LImpagliazzo said...

Journalists are support to seek and report the truth. Like Kim said it's the first principle in the code of ethics for journalists. They are not doing their job if they are not reporting the truth.
For PR professionals it's tricky. They should report the truth, but they have a duty to their clients. They are supposed to do everything in their power to make their clients look good. They may not lie, but they go around the truth. It's a tricky situation. Journalist have their loyalty to their job which is getting the news out there in a non-opinionated way and PR professionals have loyalty to their job which is to make their clients look good.

Howie Good said...

Limp,etc., are you saying PR professionals don't have an obligation to be ethical?

Maxim Alter said...

Let me start with journalists. First of all, there is a difference between "reporting the truth" and "seeking and reporting the truth." I believe that journalists are responsible for both. Reporting the truth means reporting things that really happened. Nothing can be made up and nothing can be twisted. This is a journalists core responsibility. Do not twist the truth. But, there is a common misconception with this idea. Journalists cannot just report what they see and hear. They also need to go a step forward. It isn't enough to hide behind the words of others in a report. You cannot just say that Bob Everyman said this about his landlord or Sally Everywoman said this about her councilman at the town meeting. A journalist needs to go beyond what is said and seek out the truth. They need to investigate. They need to SEEK and report the absolute truth.

After Thursdays discussion of the reporter who dealt with the Mayor and the councilman pesticide situation, I have a completely different mindset. At first, I thought that since the reporter approached the councilman for comments and wrote a balanced story that she did fine. But after really thinking about it and listening to what Howie said, I no longer agree with my first opinion. The reporter, I believer her name was Amanda, didn't go far enough. So what if she had quotes from the Mayor and the Councilman? She needed to go further. She needed to SEEK the truth. She needed to look at the payrolls. She needed to find out the truth behind the Mayors accusations. She shouldn't have reported the story otherwise. I think the person in the biggest violation is the editor. The editor should have not accepted this report. They gave the reporter a deadline and didn't giver her enough time to flesh out the story. The paper did not handle this right and I now understand that. But that's why I am taking a class like this. If I came in knowing and understanding everything than what would be the point of taking a class in the first place.

Now, as far as PR goes.
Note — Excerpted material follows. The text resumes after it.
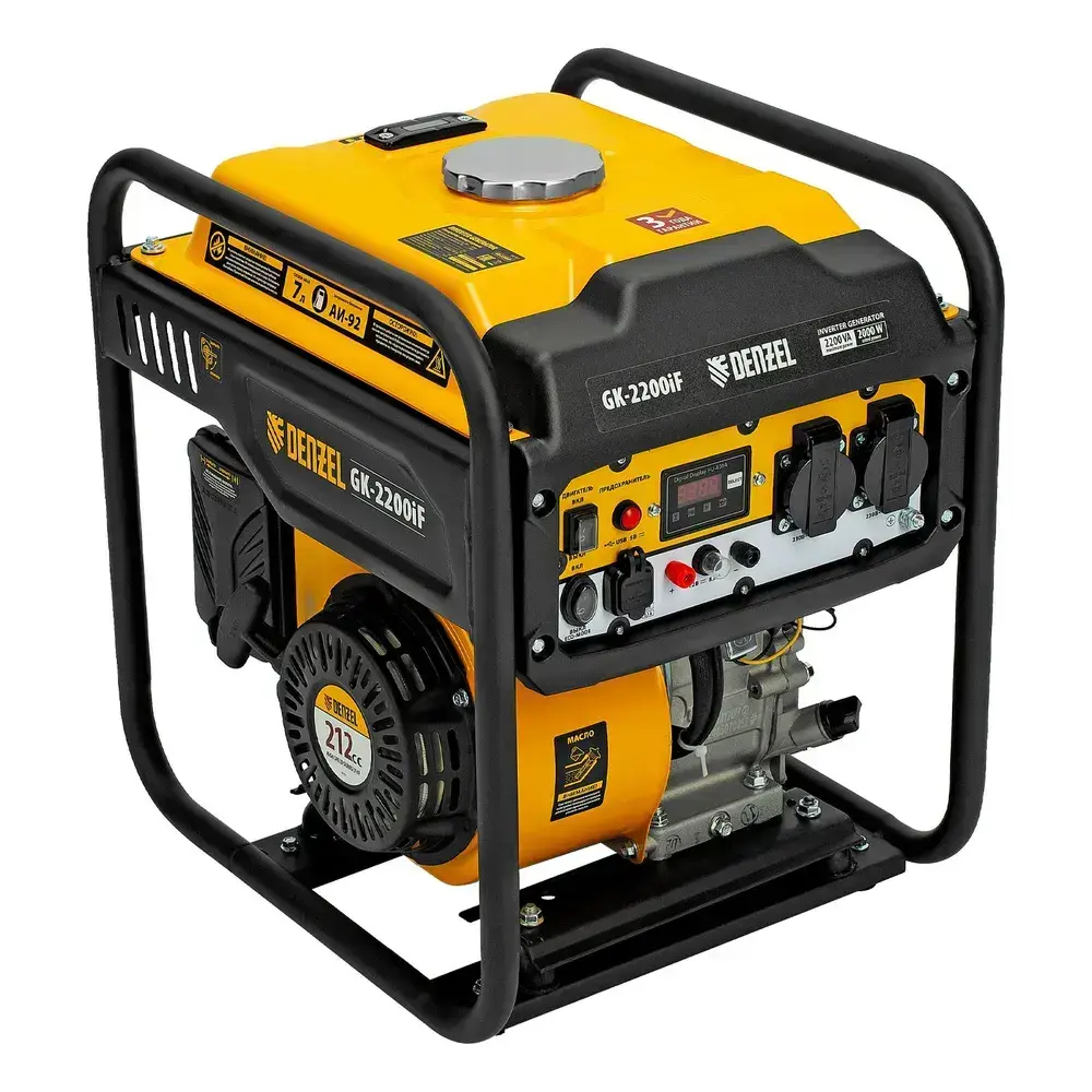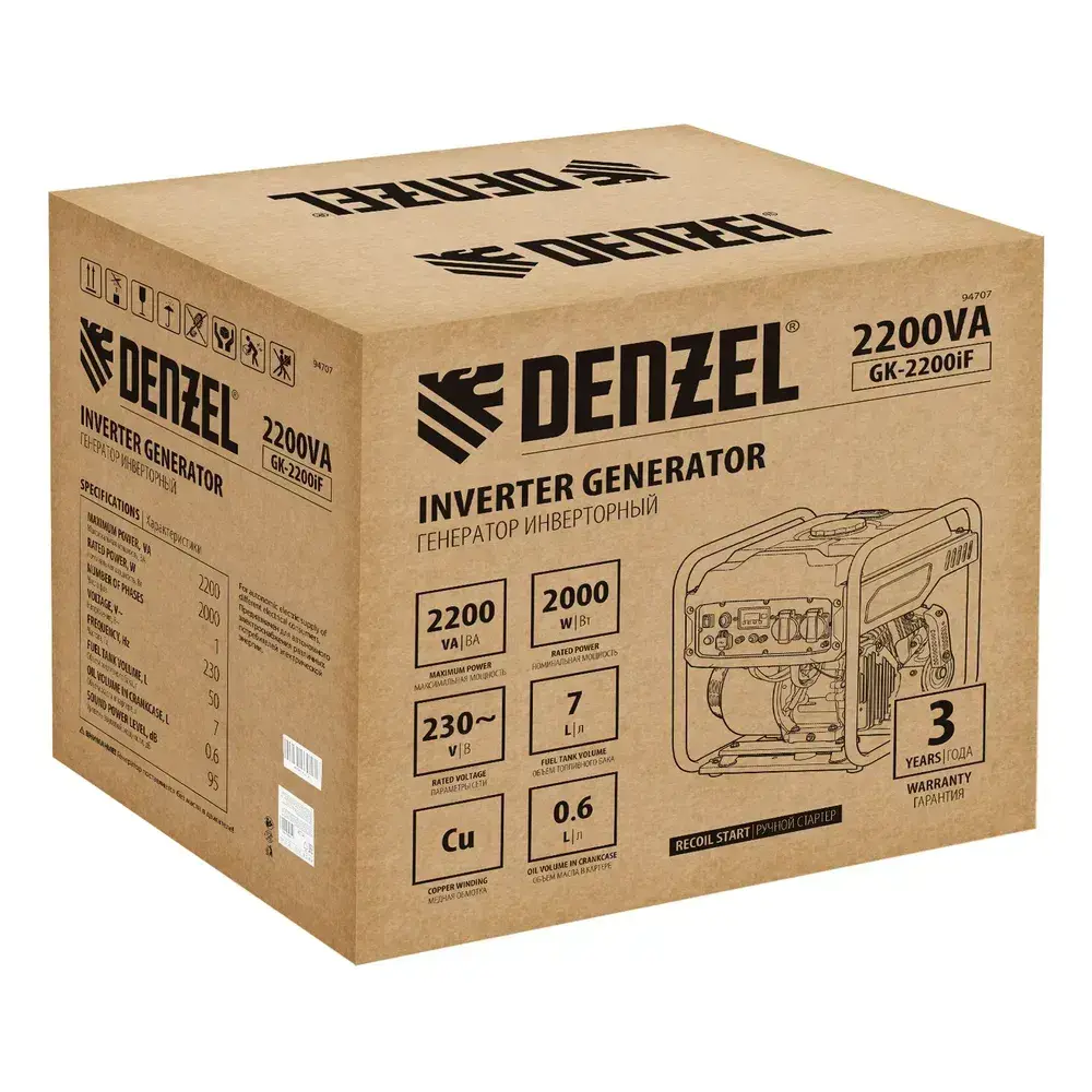 Генератор инверторный DENZEL GK-2200iF, 2.2 кВт и 212 см3 объем двигателя, 7 л объем топливного бака, ручной старт и 2 розетки, выход USB 5В и клеммы постоянного тока 12В 94707

I do not believe they should have a free pass when it comes to telling the truth, no matter who their loyalty is to. I understand that PR professionals don't believe it is their responsibility to seek the truth, but they should not be bending the truth either. People in the business of PR are known for something called "spin," similar to what politicians are known for. Using spin, they can give a creative presentation of facts without ever denying or agreeing with anything. If someone said it was ok for a journalist to use spin, then they would lose all credit and merit as an actual journalist. I honestly don't really know how I feel about a PRs responsibilities. I would love to see their code of ethics. I do believe, however, that no matter what job title you hold, it doesn't give you an excuse to lie and it doesn't give you a free card to not give the public the truth. You are just as ethically responsible as anyone, including the journalists.

Howie Good said...

the pr code of ethics can be found through a link on our blog. . . take a look, everyone. . . we can talk more about it monday

Chelsea LaDue said...

It is well known that a journalist is always supposed to report the truth. If they write something that is not true or fabricated there are serious repercussions like in the case of Stephen Glass. It is never ok to distort the truth or flat out lie. But when it comes to PR professionals, it is known that they write what makes their client look good. They seek the truth, but they are not expected to report it. No offense to PR majors, but it is sometimes their job to write things that may not be true to protect the reputation of their clients. This is often done with celebrity PR's. I wouldn't say it's ok for them to do this, but like a PR major said in class, it is something she expects she will have to do within her profession which is part of why I chose journalism over PR.

J.Rodriguez said...

I dont think as a journalist, you are ever justified to not seek and report the truth. as Kim said, It is the very first principle, seek and report the truth. A journalist can't report something that isn't true, that's just like spreading false rumors in high school. As a journalist, you should feel wrong if you ever reported false information because you are being misleading. Like in the movie clip we watched in class, they were trying to beat a deadline so they printed basically the wrong information. Even with having a deadline, you shouldn't report inaccurate information, I feel you should ask for an extension if anything. When you report anything but the truth, even if it is half the truth, I consider it to be a lie, no matter how big the story is. When you talk about PR professionals, I feel like it is part of their job to show the truth in a slightly different way. They may present half the truth, but once again I still feel like that's when it becomes a lie. Pr professionals are probably entitled to distort and lie by virtue just because as I stated before, when you present half the truth or even try to twist it, it's a lie. I don't necessarily think it's right though.

Howie Good said...

it's hard for me, josh, how anyone is "entitled" to lie. lying is an abuse of trust. it's an assault on another person's dignity. it also pollutes the public sphere, making dialog, if not impossible, at least problematic.

Howie Good said...

chelsea raises an intriguing point -- are different types drawn to pr and journalism? and how does that affect what can and should be taught in class?

The Wanderer said...

Let's start with a definition:

Propaganda: The systematic propagation of a doctrine or cause or of information reflecting the views and interests of those advocating such a doctrine or cause.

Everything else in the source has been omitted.